The data:
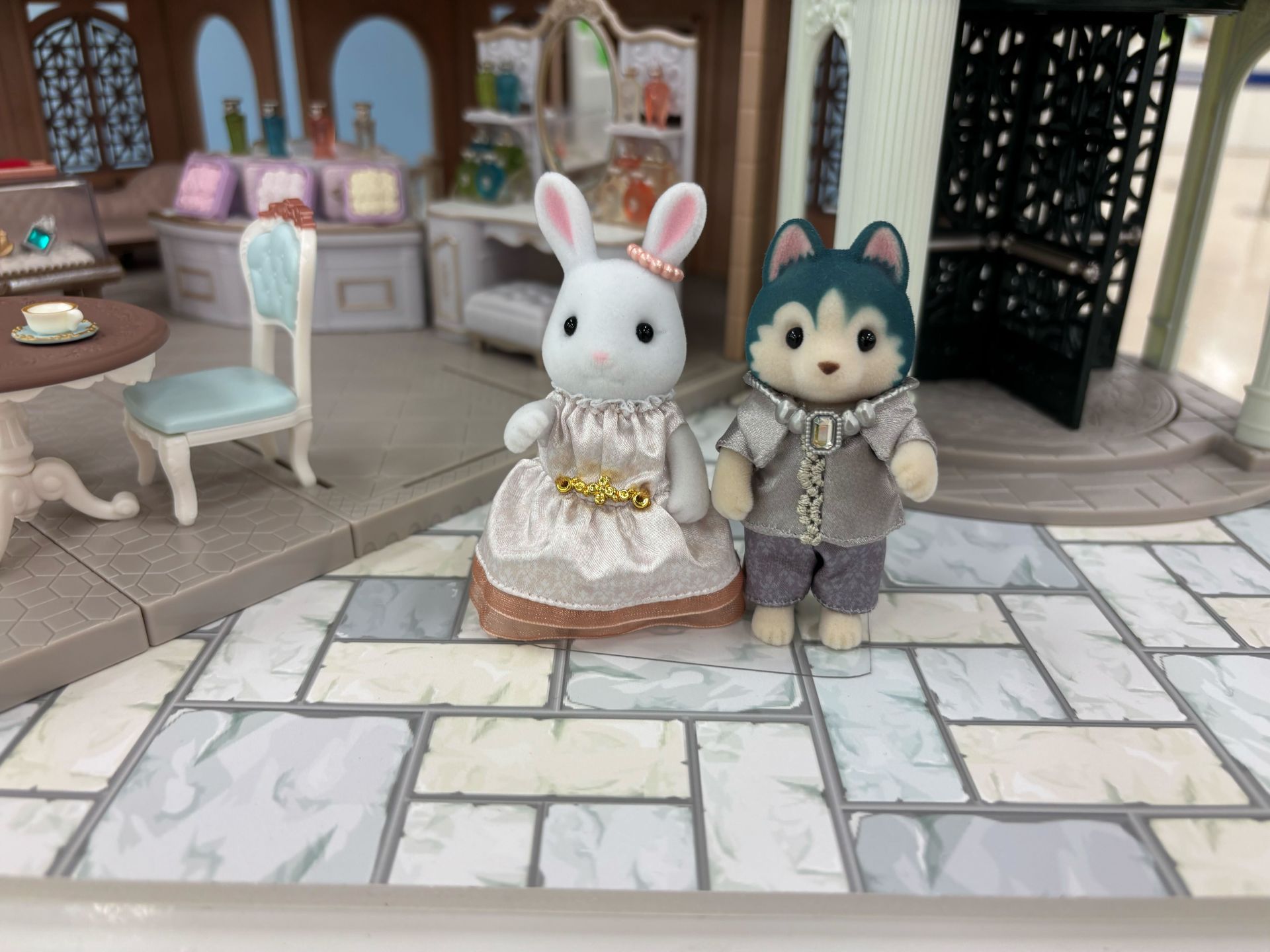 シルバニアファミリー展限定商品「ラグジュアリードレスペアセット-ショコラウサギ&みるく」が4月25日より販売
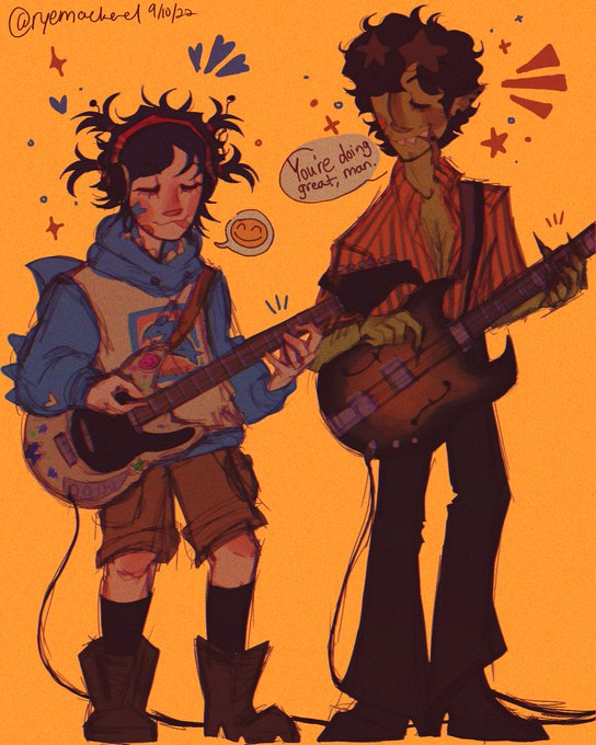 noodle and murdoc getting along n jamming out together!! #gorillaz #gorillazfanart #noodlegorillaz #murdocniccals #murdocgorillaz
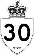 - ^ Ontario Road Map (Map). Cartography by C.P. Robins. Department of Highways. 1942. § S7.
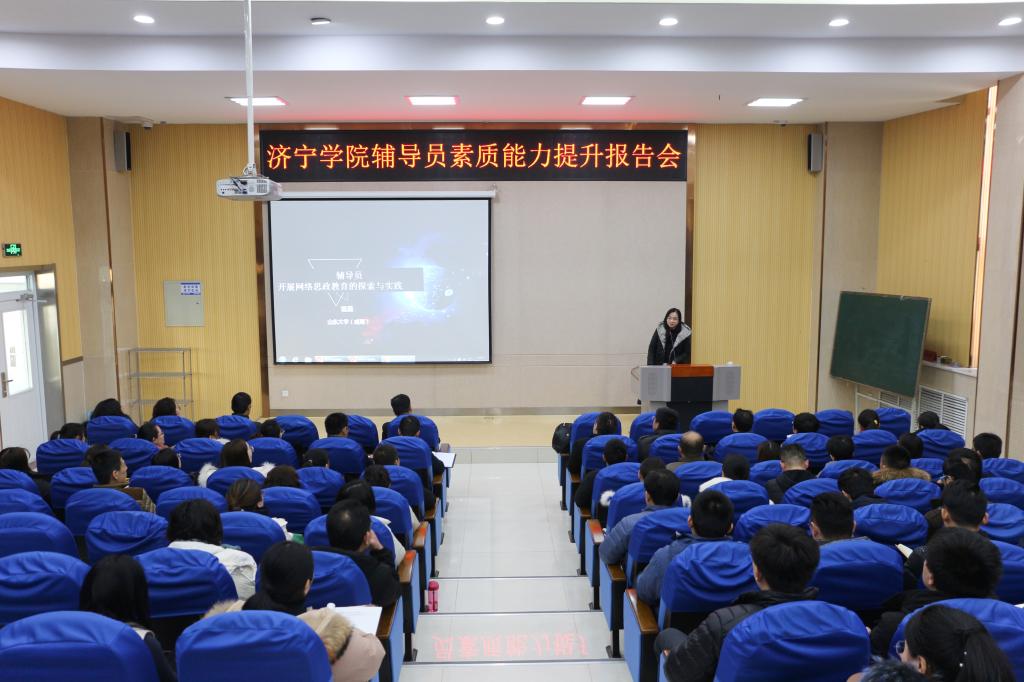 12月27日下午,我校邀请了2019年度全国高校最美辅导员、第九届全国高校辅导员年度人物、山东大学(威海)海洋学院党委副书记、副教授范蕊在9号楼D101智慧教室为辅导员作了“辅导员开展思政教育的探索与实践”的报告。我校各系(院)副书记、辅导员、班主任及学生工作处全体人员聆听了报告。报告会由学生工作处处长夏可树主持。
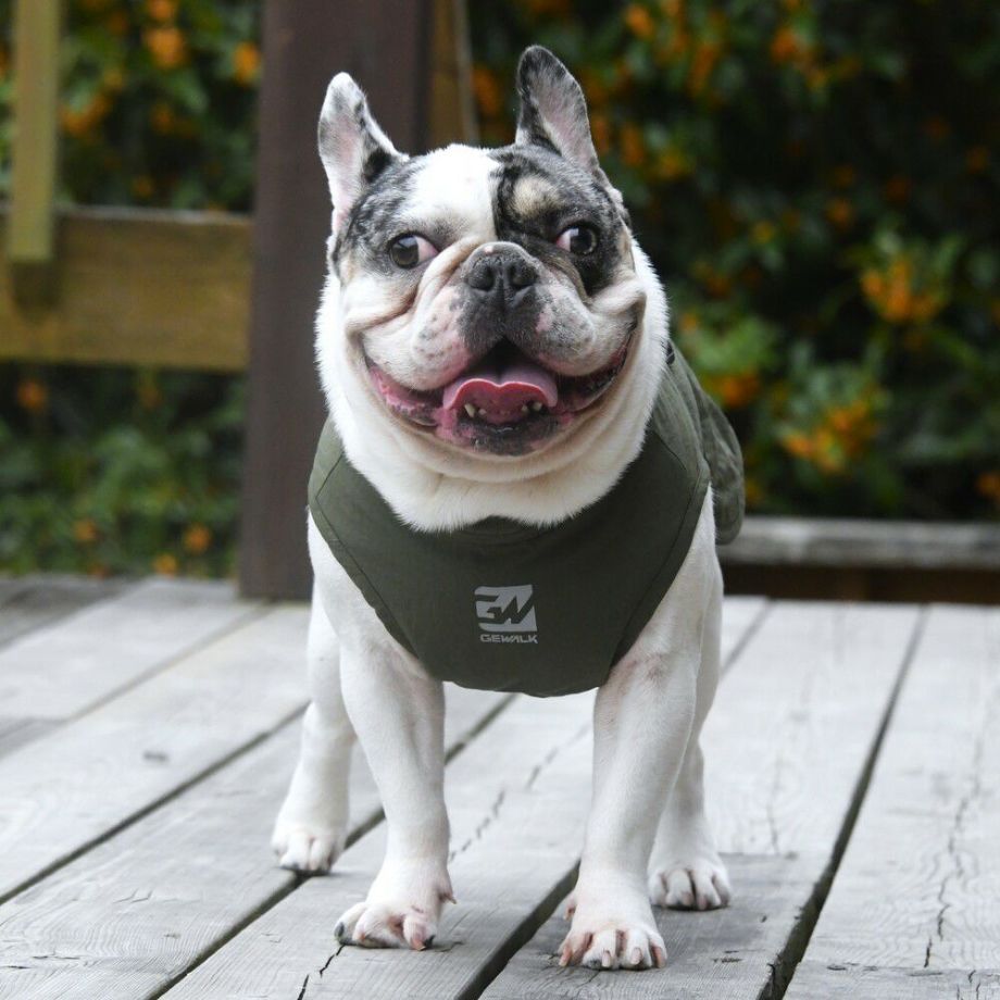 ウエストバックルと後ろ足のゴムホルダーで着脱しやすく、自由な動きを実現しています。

--

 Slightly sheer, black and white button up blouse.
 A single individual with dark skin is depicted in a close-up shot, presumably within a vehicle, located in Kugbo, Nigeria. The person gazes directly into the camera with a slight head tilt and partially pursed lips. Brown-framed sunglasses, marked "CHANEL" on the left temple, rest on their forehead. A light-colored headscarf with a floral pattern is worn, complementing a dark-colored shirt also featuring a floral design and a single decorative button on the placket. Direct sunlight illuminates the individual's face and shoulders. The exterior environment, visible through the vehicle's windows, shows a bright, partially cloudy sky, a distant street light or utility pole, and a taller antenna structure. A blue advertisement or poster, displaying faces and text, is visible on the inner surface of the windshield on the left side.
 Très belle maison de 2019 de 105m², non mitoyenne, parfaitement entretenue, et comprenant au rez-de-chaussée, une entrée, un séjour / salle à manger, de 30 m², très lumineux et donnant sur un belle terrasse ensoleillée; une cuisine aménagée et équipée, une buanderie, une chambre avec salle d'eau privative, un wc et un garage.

Your goal:
Look above for the line with "シルバニアファミリー展限定商", then print it and each line after it down to and including the line with "ウエストバックルと後ろ足のゴ". Leave out the pictures and keep the wording exact.

Solved problem:
 シルバニアファミリー展限定商品「ラグジュアリードレスペアセット-ショコラウサギ&みるく」が4月25日より販売
 noodle and murdoc getting along n jamming out together!! #gorillaz #gorillazfanart #noodlegorillaz #murdocniccals #murdocgorillaz
 - ^ Ontario Road Map (Map). Cartography by C.P. Robins. Department of Highways. 1942. § S7.
 12月27日下午,我校邀请了2019年度全国高校最美辅导员、第九届全国高校辅导员年度人物、山东大学(威海)海洋学院党委副书记、副教授范蕊在9号楼D101智慧教室为辅导员作了“辅导员开展思政教育的探索与实践”的报告。我校各系(院)副书记、辅导员、班主任及学生工作处全体人员聆听了报告。报告会由学生工作处处长夏可树主持。
 ウエストバックルと後ろ足のゴムホルダーで着脱しやすく、自由な動きを実現しています。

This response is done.